Именно этим стихотворением начинается подборка текстов под названием «РЕФЛЕКСИЯ» (от лат. reflexio–обращение назад, отражение. Размышление, внутренняя сосредоточенная склонность анализировать свои переживания).
Всё верно: если в отношении переживаний, то их тут предостаточно – саморевизии, что называется, под самую завязку. И пусть всё это не выходит из традиционного тематического треугольника – природа, любовь, смерть, – пожалуй, все стихи здесь кажутся весьма приличными, хотя и далеко не однозначными для лёгкого понимания.
Оборот назад, неуверенный шаг –
Вот чем закончится этот поход…
Память о музыке стынет в ушах…
Странно, когда ничего не грядёт.
Что же я знаю? – что нам суждены
Верные судьбы – истечь как вода.
Тихо, без пены, без шума волны,
Чтобы уйти, не оставив следа.
Правил игры не понять никогда.
Выбора нет, и ты будешь играть…
Как упоенно струится вода!
Нужно ли это? – зачем тебе знать!
Великолепная зарисовка личного суждения бытия.
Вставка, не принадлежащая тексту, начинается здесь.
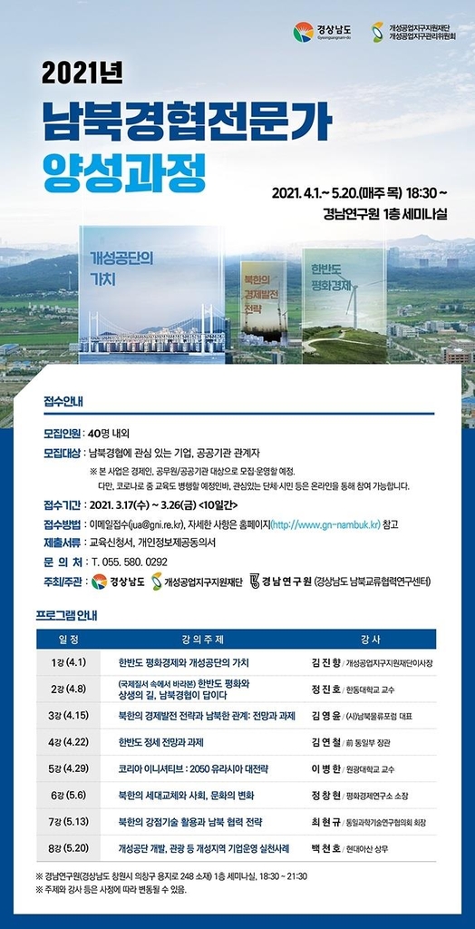 (창원=연합뉴스) 경남도와 개성공업지구지원재단이 주최하고 경남도 남북교류협력연구센터가 주관하는 '남북경협 전문가 양성과정'이 내달 1일부터 5월 20일까지 8주 동안 운영된다.
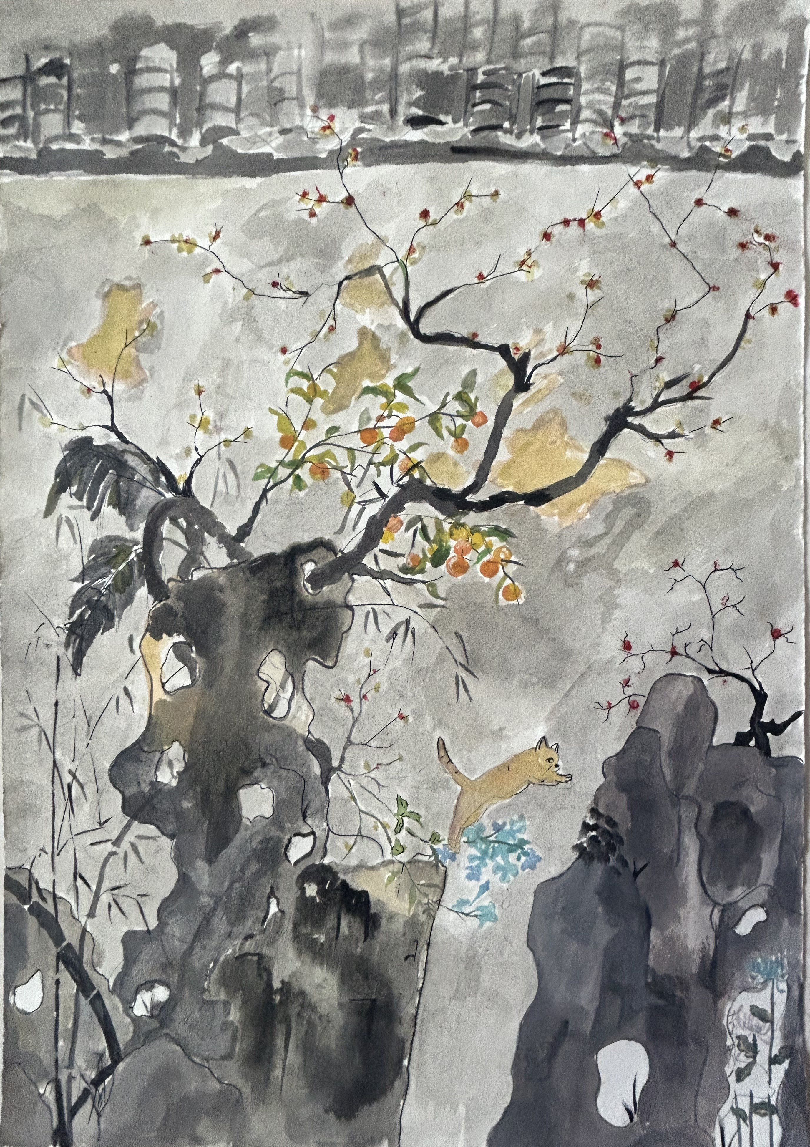 这幅画表现了作者对秋收景象的喜爱 ,对自然的向往。 画中的山峰、 柿子树 、海棠花 、小猫等构成了这幅秋收风景画 。通过浓烈的色彩和大胆的笔触, 将自然的力量和秋收的喜悦呈现的淋漓尽致 ,同时也传达了作者对自然和秋收的向往与喜爱 。整体氛围温暖而宁静, 给人以美好的视觉享受与情感共鸣,感受自然与人产生的感情 感受大自然的美好。

Безусловно, и тут тоже никакой новизны нет. И к тому же, текстовой посыл располагает на всевозможные частные разночтения. Но смысловой уклон выражен определённо и максимально точно. (Откуда такое проницательное знание жизни, молодой человек? Да уж не Гамлета ли Вы репетировали на ту пору?)
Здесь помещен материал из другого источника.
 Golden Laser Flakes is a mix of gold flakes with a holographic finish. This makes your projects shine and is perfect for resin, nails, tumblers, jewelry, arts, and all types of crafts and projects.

Существует немало людей, которые живут с убеждением, что – если у человека нет любви, то у него нет основной ценности жизни. Говоря по правде, нельзя с этим не согласиться. Но вот вся суть в том, что понятие ЛЮБОВЬ имеет разные толкования, и почти каждый подразумевает на сей счёт нечто своё.
В поэзии ЛЮБОВЬ, как правило, всегда сопрягается с глубокими изнурительными переживаниями. Наверное, сие оттого, что поэты дорожат каждым мигом любви, и каждый такой миг для них ни что иное, как совершенно новое открытие мира, – то новое измерение окружающей жизни, которое можно осознанно ощущать как своё единственное и самое желательное счастье. Более того, похоже на то, что сама поэзия просто невозможна, если авторское сердце искренне не потревожено вдохновительными чувствами света и любви. Но мир обыденности редко совпадает с романтическими идеалами, – так поэты становятся усидчивыми исследователями великого множества граней такого явления как ЛЮБОВЬ.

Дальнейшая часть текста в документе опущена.